╭─ Material provided

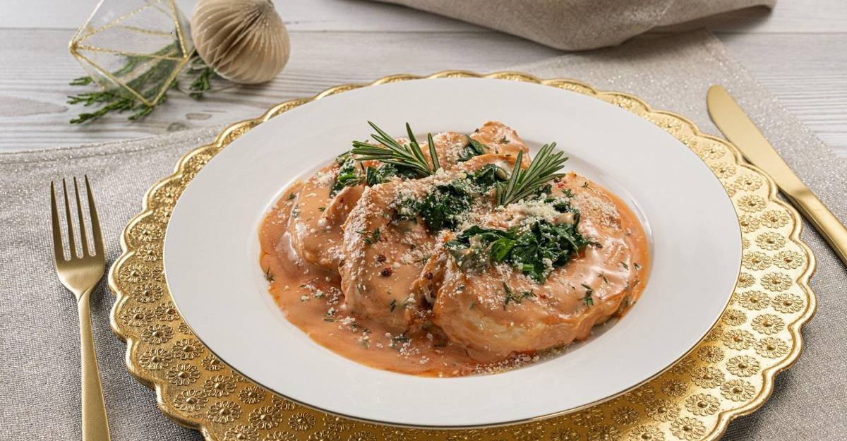 Para finalizar sirve con salsa cremosa, espinacas y queso parmesano.
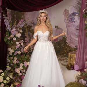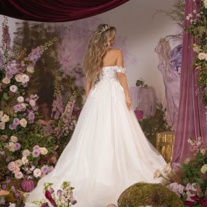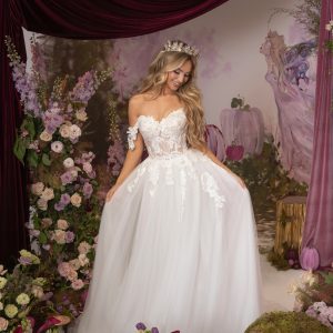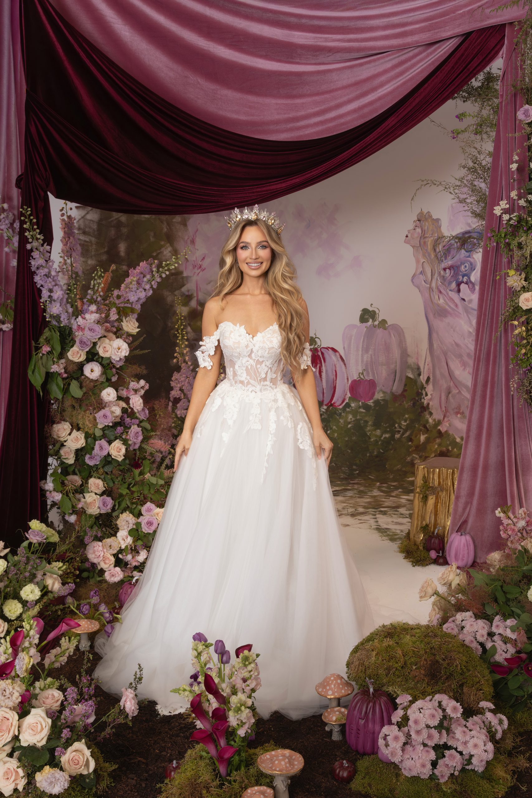 Ivy is a sparkling tulle wedding gown with a sweetheart neckline and detachable off-shoulder draping, exuding effortless romance and ethereal beauty. The sheer bodice is adorned with delicate floral lace appliqué that cascades gently down the skirt, while a subtle layer of hidden sparkle catches the light with every movement. Soft, lightweight layers of tulle create a dreamy, ethereal silhouette, making Ivy a truly enchanting choice for a bride seeking magic and elegance.
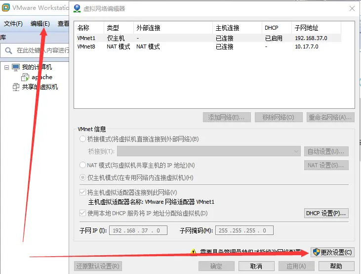 A) VMWare中找到 编辑->虚拟网络编辑->更改设置
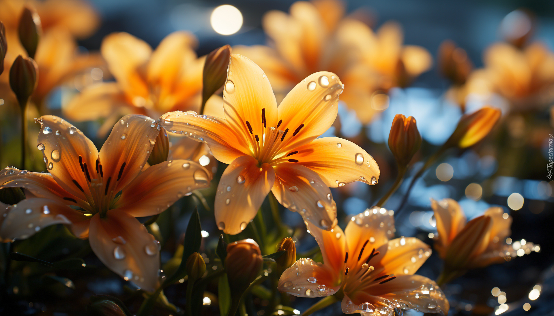 Edytor tapety: Krople wody na żółtych liliach
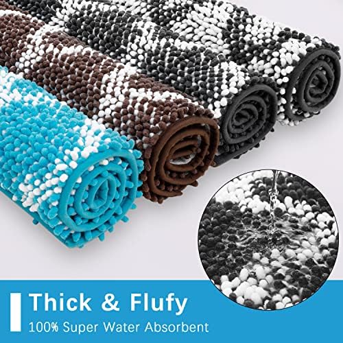 🐶 Super Absorbent: Muddy rug feature thousands of individual microfiber, super water absorbent doormat is more water absorbant than any others absorbent indoor rug, high pile chenille bathrug can help save your floor from dripping water when you’re stepping out of the bath sink, shower, spa, to make your feet feel the ultimate luxury enjoyment. pls place quick dry bath mats for bathroom on dry flat surface only, water under shaggy bathroom rugs will slip.
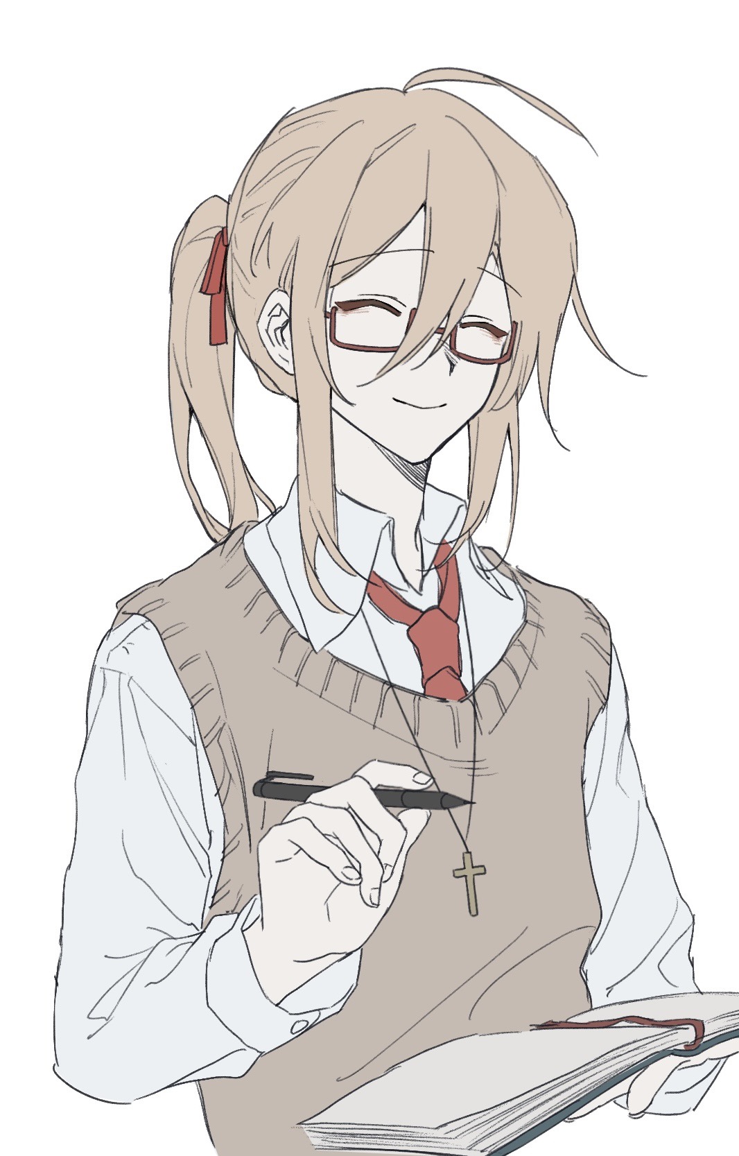 1boy ahoge blonde_hair book brown_sweater_vest chinese_commentary closed_eyes closed_mouth collared_shirt commentary_request cross cross_necklace degrees_of_lewdity glasses hair_between_eyes hair_ribbon highres holding holding_book holding_pen huidu jewelry long_sleeves male_focus medium_hair necklace necktie pen ponytail red-framed_eyewear red_necktie red_ribbon ribbon semi-rimless_eyewear shirt sidelocks simple_background smile solo sweater_vest sydney_(degrees_of_lewdity) sydney_(male)_(degrees_of_lewdity) upper_body variant_set white_background white_shirt
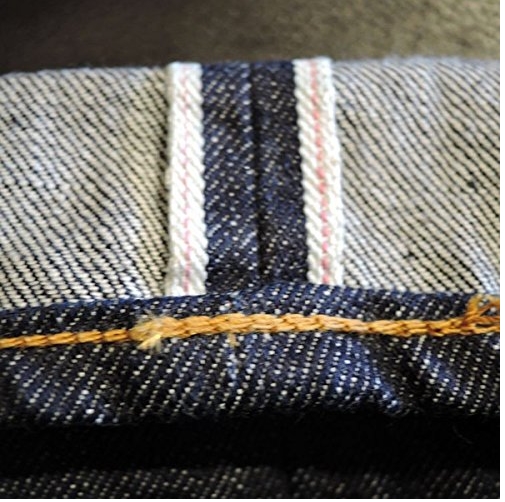 Джинсы подшиты цепным стежком, selvedge line имеет светло-розовый оттенок, что так же близко к старым джинсам.
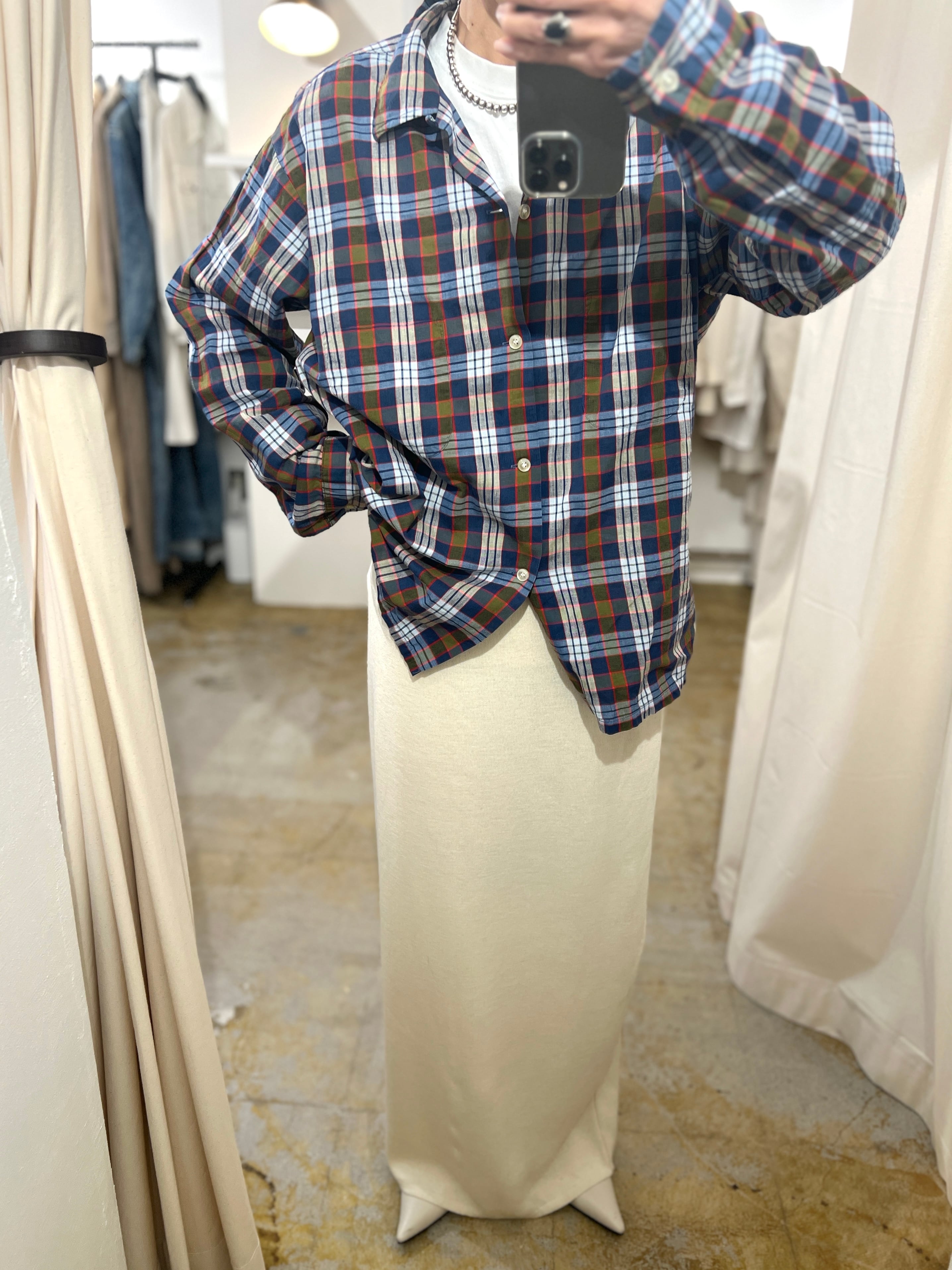 Model : 158cm着用で丈も全体的なサイズ感も大きいです。

╰─

When you reach the line containing "Ivy is a sparkling" in the entries above, begin restating word for word, and stop once the line containing "Edytor tapety: Krople" has been given. Omit the pictures.

Response for this exercise
 Ivy is a sparkling tulle wedding gown with a sweetheart neckline and detachable off-shoulder draping, exuding effortless romance and ethereal beauty. The sheer bodice is adorned with delicate floral lace appliqué that cascades gently down the skirt, while a subtle layer of hidden sparkle catches the light with every movement. Soft, lightweight layers of tulle create a dreamy, ethereal silhouette, making Ivy a truly enchanting choice for a bride seeking magic and elegance.
 A) VMWare中找到 编辑->虚拟网络编辑->更改设置
 Edytor tapety: Krople wody na żółtych liliach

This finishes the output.